Most of the time the answer is NO, specially when dealing with libraries like libc, libm or some other made to be use in C language. Why not?
Lots of standard (ISO 9899) functions are "intrinsic", meaning the compiler knows how to optimize them, avoiding function calls. One example is printf. This call:
printf( "Hello\n" );
Is translated, again, most of the time, to a single call to fputs or write (or a variant called io_write) function, which are faster! To call the printf here is really slow and the compiler knows it.
There are other examples: abs(), for instance, usually is translated not to call, as we can see below:
; int f( int x ) { return abs(x); }
f:
mov eax,edi
neg eax
cmovs eax,edi
ret
So, to call abs() -- present on libc, is superfluous.
And, as I said before, good C compilers (GCC, CLANG, Intel C++), avoid some penalties for performance which the average assembly programmer don't pay any atention (branch mis-predictions, uneccessary data propagation, cache misses, over usage of the stack...).
When assembly is a good idea then? Well... when the high level language compiler don't do a good job. This happens sometimes, specially on not well designed code. I tend to think abour assembly only in termos of performance. If your C code can be improved a lot (more then 100%, as an example), then -- and only then -- assembly can be a good ideia.

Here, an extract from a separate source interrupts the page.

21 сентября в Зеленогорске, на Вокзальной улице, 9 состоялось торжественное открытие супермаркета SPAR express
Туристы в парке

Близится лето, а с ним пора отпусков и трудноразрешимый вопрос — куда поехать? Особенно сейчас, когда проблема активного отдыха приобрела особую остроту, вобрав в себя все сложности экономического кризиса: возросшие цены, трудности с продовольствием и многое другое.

Another area is where it is difficult to do something in pure C. Let's say we want to set the direction flag and move some block of data backwards. Using ISO 9899 C this is not possible using memcpy() or movemem(). In most modern C/C++ compilers this isn't possible as well. Assembly can be the answer.
There is also another usage for assembly: To make your routines shorter (optiimization of size -- not performance). This is useful, but, again, I think the best usage for assembly is to think always about performance. But, beware: most of the time your assembly code is SLOWER than the equivalent routine made in C. There is only one way to be sure about the gains: MEASURE YOUR ROTINES.

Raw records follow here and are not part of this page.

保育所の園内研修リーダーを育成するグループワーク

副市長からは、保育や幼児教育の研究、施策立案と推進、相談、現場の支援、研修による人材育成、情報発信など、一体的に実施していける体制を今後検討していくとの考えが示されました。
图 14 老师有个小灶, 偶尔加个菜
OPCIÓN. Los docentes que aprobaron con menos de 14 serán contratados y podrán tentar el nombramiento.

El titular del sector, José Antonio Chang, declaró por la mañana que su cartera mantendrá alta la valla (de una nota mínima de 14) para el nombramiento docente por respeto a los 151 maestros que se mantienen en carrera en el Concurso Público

Here's an example: Suppose you want to move a block of data from one buffer to another. We have 2 pointers and a size as argument. In C, the best way to do it, if the buffers don't overlap, is to use memcpy() function. Most of the time your compiler will do a function call and you may think this will slow down your routines a bit, but consider the alternatives:
1 - You can create a simple loop, moving sub-blocks of data individually;
2 - You can use rep/movs (byte, word, dword or qword)
Like:
void move1( int *dest, int *src, unsigned int elems )
{ while ( elems-- ) *dest++ = *src++; }
void move2( int *dest, int *src, unsigned int elems )
{
__asm__ __volatile__ (
"rep; movsd" : : "D" (dest), "S" (src), "c" (elems) : "memory"
);
}
Here I'm movind one DWORD at a time. If you MEASURE this 2 routines against memcpy( dest, src, elems * sizeof( int ) ); you'll the latter one is way faster than move1() and move2().
This summarize my adivce, based, of course, in my experience and experiments: When mixing code created by good C compilers and assembly, avoid to try to recreate the function calls in assembly thinking your assembly code will be faster than the created by the high level compiler. This is not the case in the majority of the cases! Reserve usage for assembly only to those cases where the compiler surely don't do a good job (and only after MEASURING the time spent by the routines).
[]s
Fred